2. No eval harness — you can't improve or trust what you don't measure

"It looked good in three tries" is a vibe, not a test. An evaluation set — real cases with known-good outcomes you can score on every change — is the difference between improving an agent and guessing at it. Without one, every prompt edit is a coin flip you can't grade, and every regression ships silently.

The cost is a system that drifts in the dark: you can't tell a fix from a regression, and you find out which it was from a user. The question: what is your eval set, and does it run on every change before it ships? Build it from the first ten real failures — they encode how your problem actually breaks.

3. Runaway loops and unbounded cost — an agent that re-plans forever

An agent that plans, acts, observes, and re-plans has a failure mode a single prompt doesn't: it can loop. With no step budget and no token cap, a confused agent re-plans until it exhausts the context window or the bill, and a single stuck run can cost more than a thousand good ones.

The cost of skipping the caps is a runaway that burns budget and latency on a single request. The question: what is the maximum number of steps and tokens one run may consume, and what happens when it hits that wall?
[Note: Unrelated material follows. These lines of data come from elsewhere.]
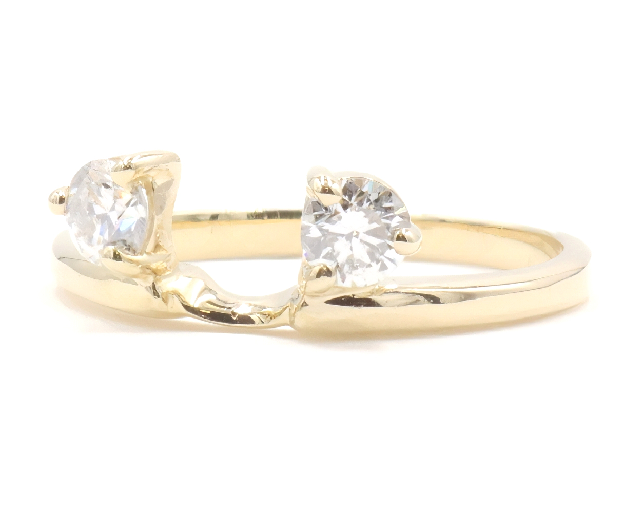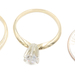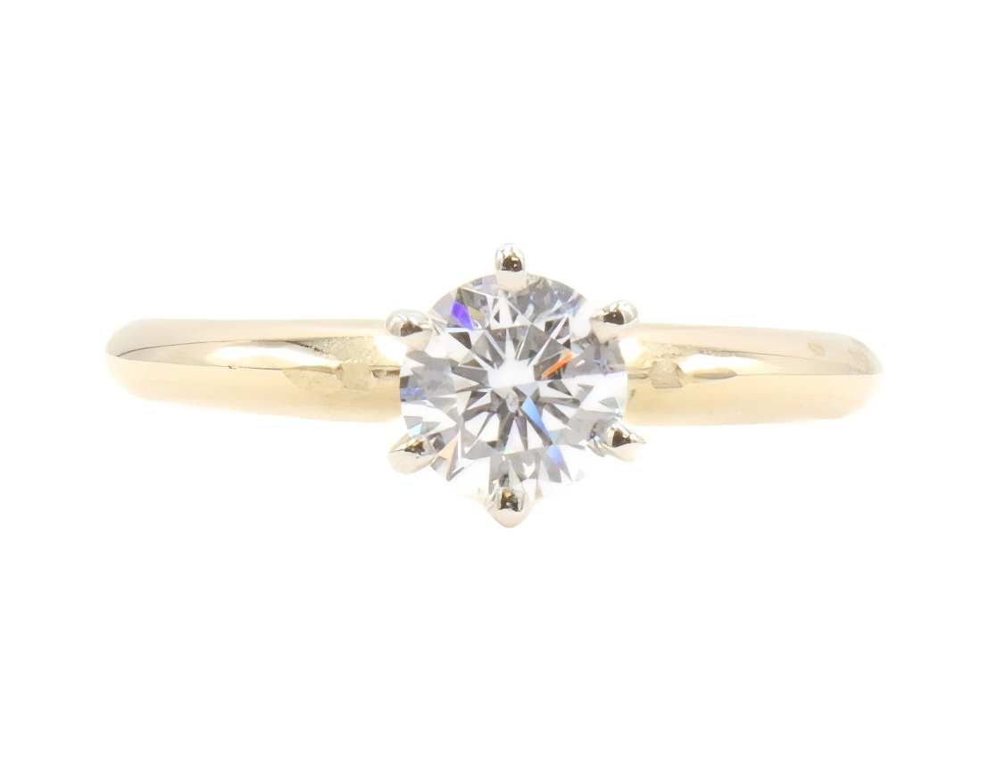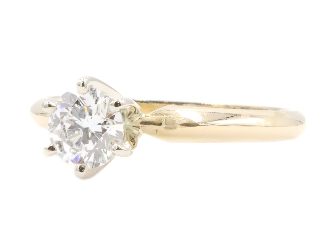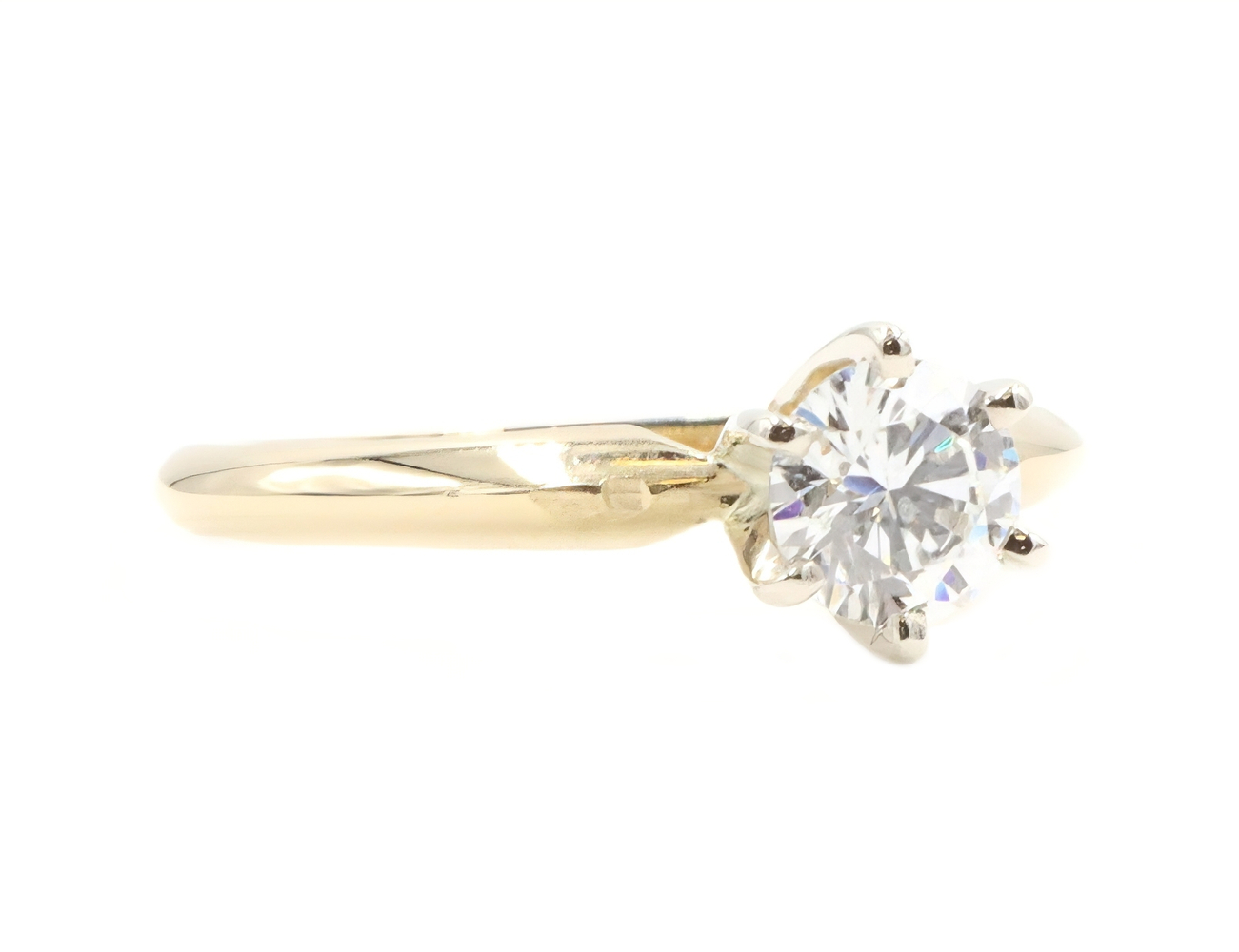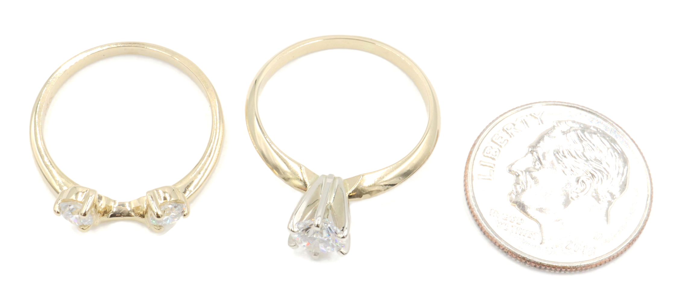 0.84 ctw Round Diamond Past Present Future 14Kt Yellow Gold Wedding Ring Set. Both the engagement ring and band ring are a size 5 1/4.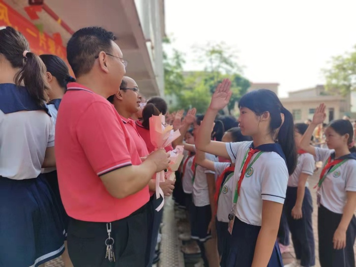 大會第三項,少先隊員代表向每一位老師獻上鮮花,并送上了節(jié)日的祝福。最后,劉品江校長與學(xué)校的優(yōu)秀教師、骨干教師合影留念。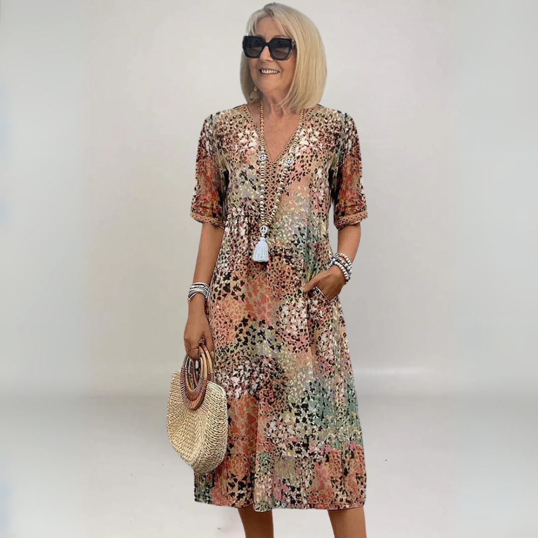 Ivy highlights your curves with a flowing cut, a V-neckline, and an ideal length.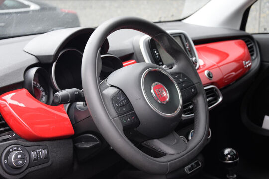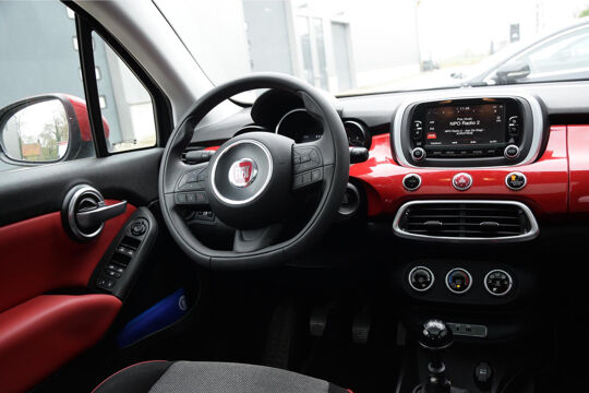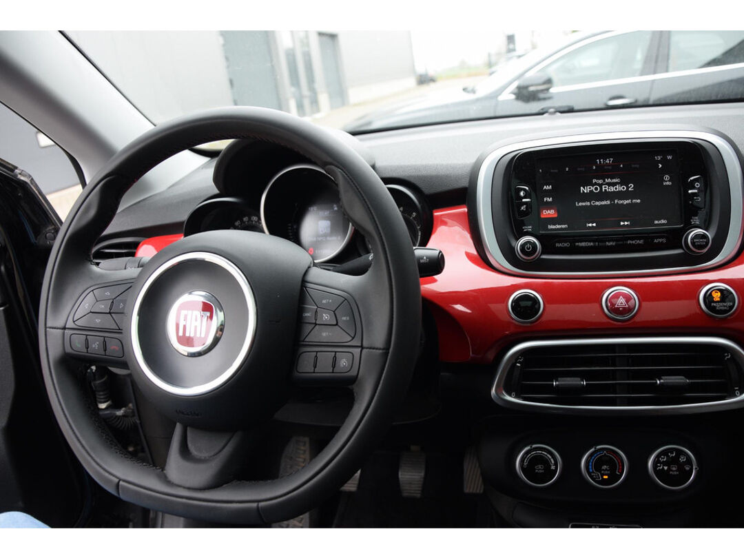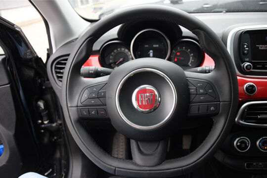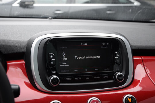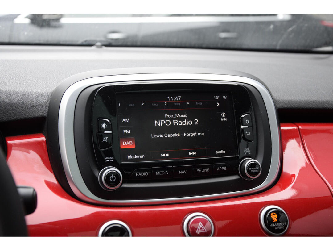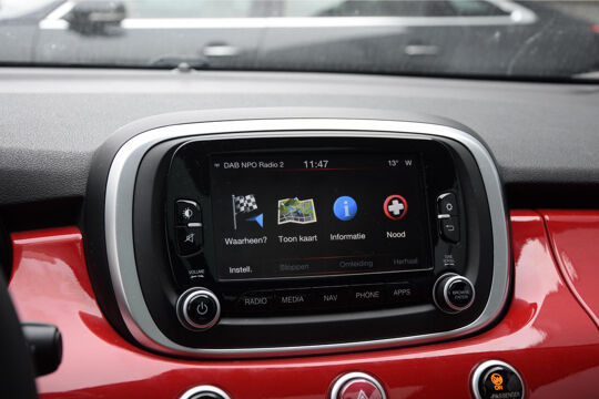 Het audio-installatiesysteem met DAB-ontvangst en het full map navigatiesysteem bedient u veilig met knoppen op het stuur. Natuurlijk is er ook automatische airconditioning aanwezig. Boem is ho? Niet bij deze Fiat 500 X. De piepjes van de parkeersensoren waarschuwen u op tijd voor obstakels. Met deze auto bent u ontspannen onderweg dankzij de cruise control. Met keyless entry kunt u portieren ontgrendelen zonder dat u de sleutel in uw hand houdt. Ook is de Fiat uitgerust met: lederen stuur, centrale deurvergrendeling met afstandsbediening en boordcomputer.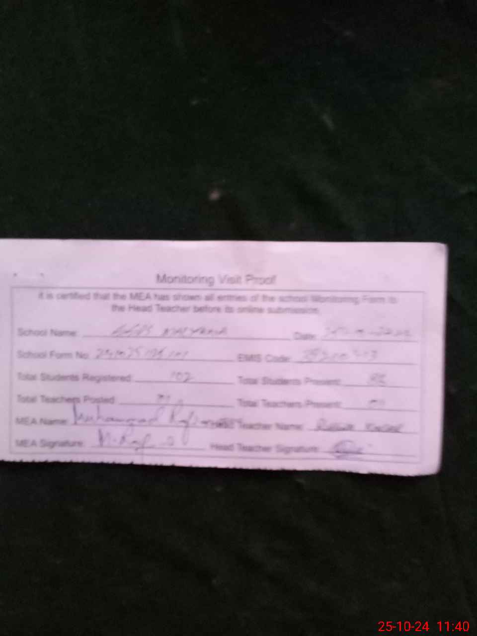 | Certified that this School was Inspected by the Undersigned MEA/DMO Today and the Information Stated Above is as Per Record. | |||||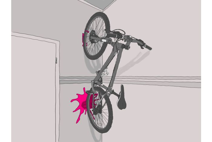 Das Fahrrad an der Wand aufhängen ist eine gute Lösung. Wären da nicht, vorallem im Frühjahr und Herbst, die dreckigen Reifen.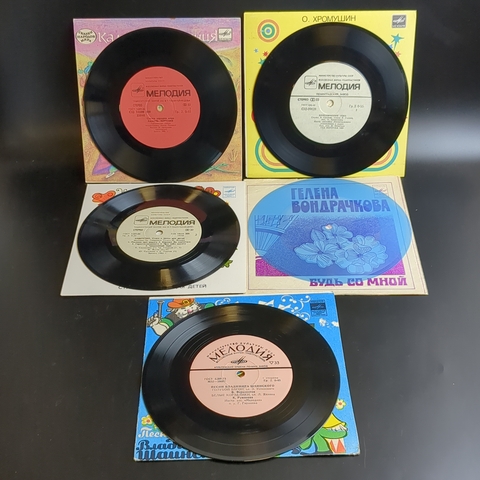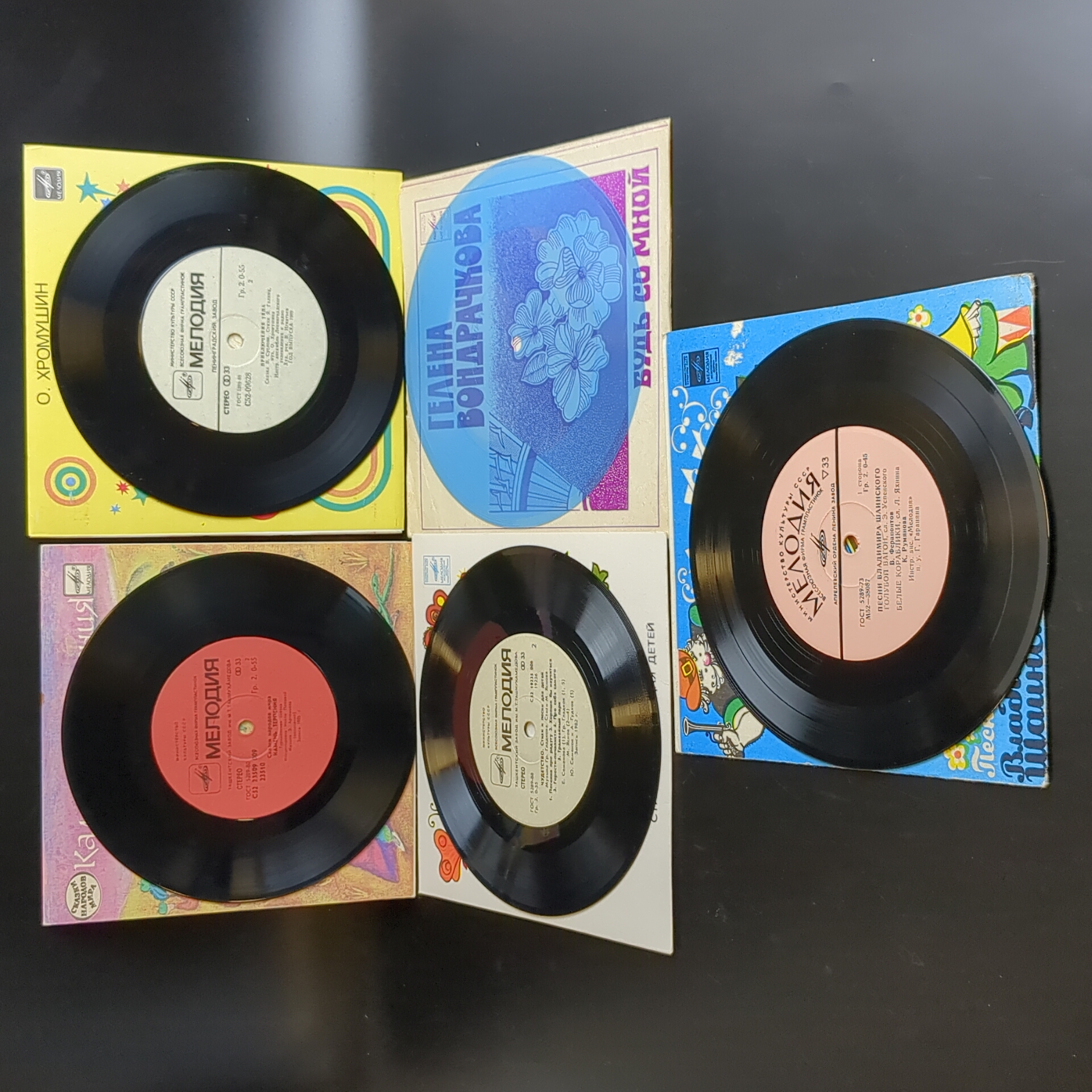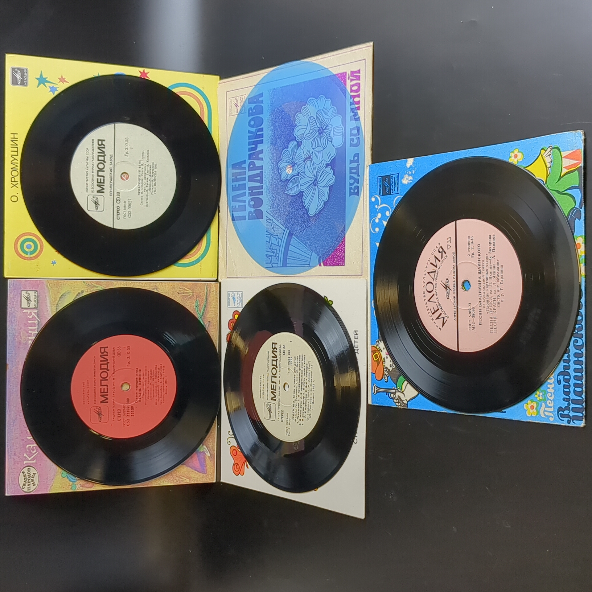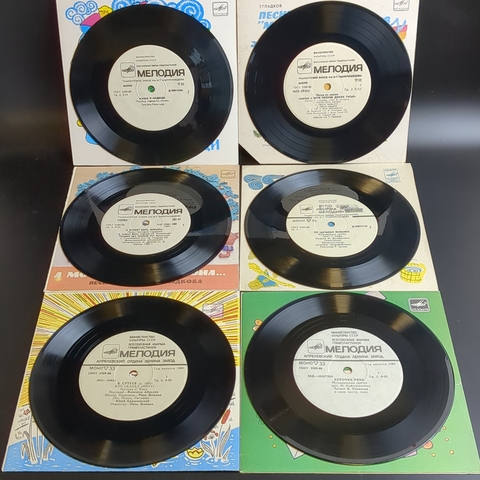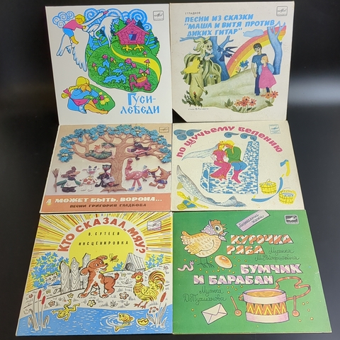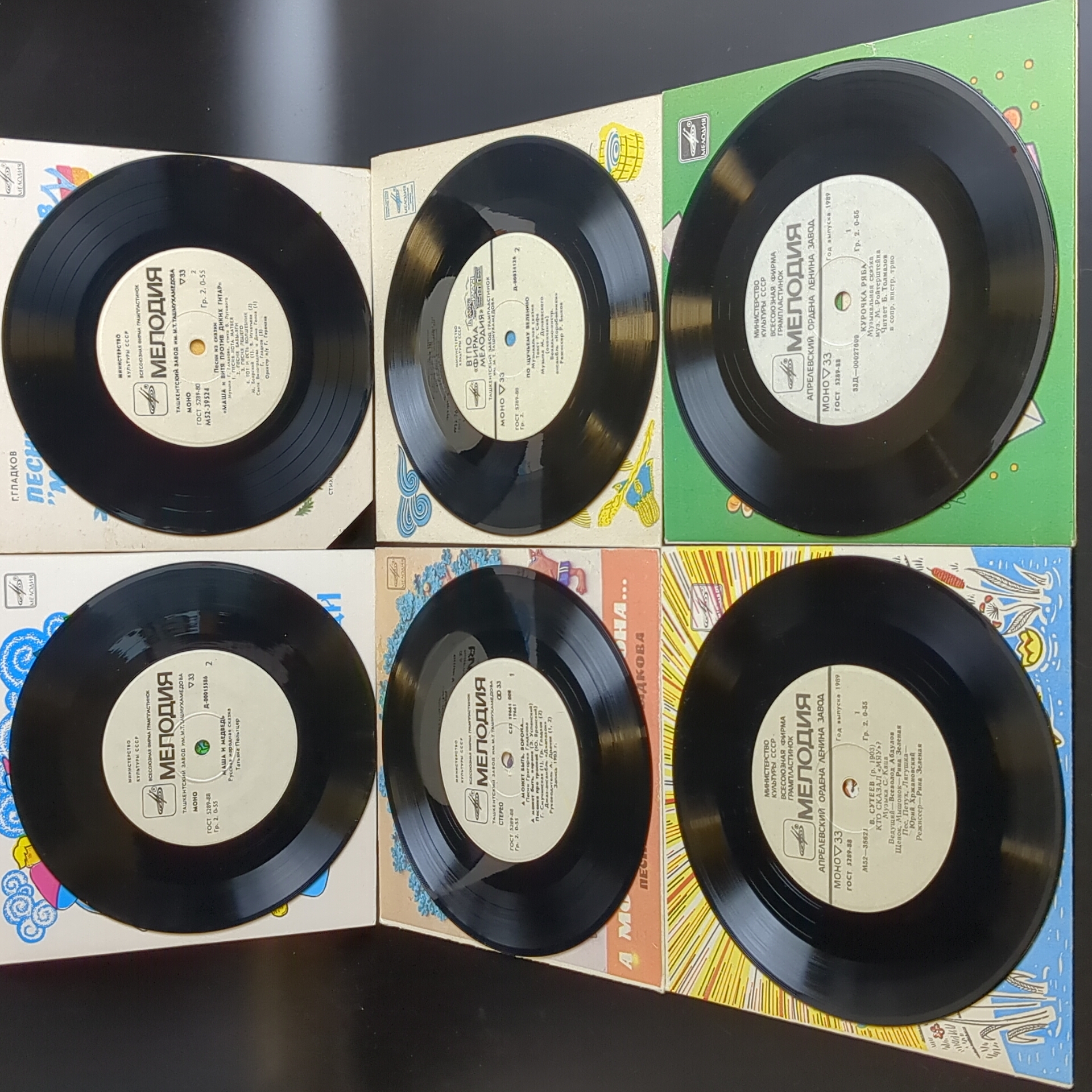 №5 Набор из 10 виниловых пластинок 7 дюймов миньоны детские сказки и песни: Гуси - лебеди / / Кто сказал Мяу? / Курочка Ряба / Бумчик и барабан / Приключения Тяпа и др.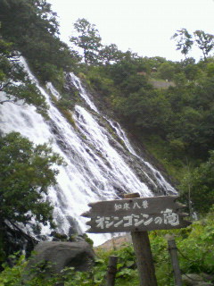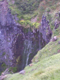 2007/09/19 Category : 携帯 フレペ 滝第2弾。 知床フレペの滝。 遊歩道(と言うか…ちょっとしたハイキング?)を1キロほど歩いて行った岩壁に。 川が流れ込んでる滝とは違って、低い草むらから急に滝になってるン。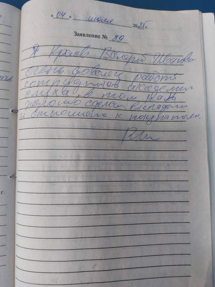 Очень доволен работой сотрудников Академии слуха, в том как хорошо сделали вкладыш и отношением к покупателям.
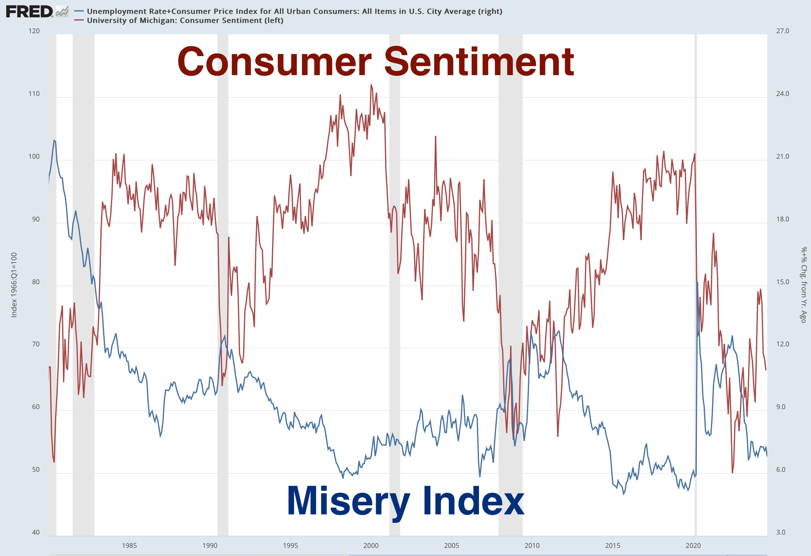 In any case, (h/t to Lyn Alden for recently pointing this out recently), when we chart the Consumer Sentiment on the same graph as the Misery Index, we can see that they are inversely correlated:

4. Hallucinated tool calls — the model invents an argument or calls the wrong tool

An agent decides which tool to call and with what arguments, and the model can get both wrong: invent a parameter that doesn't exist, pass a malformed value, or call the wrong tool entirely. If nothing validates the call against the tool's schema before it runs, a hallucinated argument executes as if it were real.

The cost is an action taken on garbage input — a record updated with a value the model made up, a query run against a field that doesn't exist. The question: is every tool call validated against a strict schema before execution, and what does the agent do when validation fails — retry, ask, or stop?

5. Over-broad tools — a tool that can delete, send, or charge is a blast radius

The moment an agent can act, the stakes change from "wrong answer" to "wrong action." A tool scoped wider than the job — one that can delete any record when it only ever needs to update one field, or send to anyone when it only ever messages the current contact — is a blast radius waiting for a bad plan to find it. Least privilege isn't optional once the agent has hands.

The cost is the worst thing the tool can do, because eventually a confused agent will try it. The question for every tool: what is the narrowest scope that still does the job, and have you actually constrained it to that — not just trusted the model to stay inside?

6. No kill switch or human gate on consequential actions

Reads are recoverable; sends, charges, and deletes are not. An agent that can take an irreversible action with no human in the loop and no way to halt it mid-run is one bad plan away from an incident you can't undo. The fix is two controls: an approval gate on anything consequential, and a kill switch that stops the agent now.

The cost of missing them is an irreversible action you watch happen with no way to intervene. The question: which of this agent's actions are irreversible, which of those require human approval before they fire, and can an operator stop a running agent on demand?

7. Context overflow — stuffing everything into the prompt degrades reasoning

More context does not make an agent smarter. Past a point it makes it worse: the signal the model needs drowns in the history, tool output, and "just in case" documents you piled in — context rot. A long-running agent that accumulates every step's output in the prompt degrades the longer it runs, exactly when you need it sharpest.

The cost is an agent that reasons worse the deeper into a task it gets, for reasons that don't show up in any error. The question: what does this step actually need in context, and how do you keep the window curated — summarizing, dropping, or retrieving on demand — instead of letting it grow unbounded?

8. Grounding gaps — the agent answers confidently from no or wrong retrieval

An agent reads the same data a human would, through retrieval. If retrieval returns nothing, or the wrong chunks, the model doesn't stop — it answers from its parameters and defends the guess fluently. A clever prompt over no grounding is a confident hallucination, and it sounds exactly like a correct answer.

The cost is a confidently wrong answer, which is worse than no answer because someone acts on it. The question: what grounds this agent, what happens when retrieval comes back empty, and can the agent say "I don't know" instead of inventing?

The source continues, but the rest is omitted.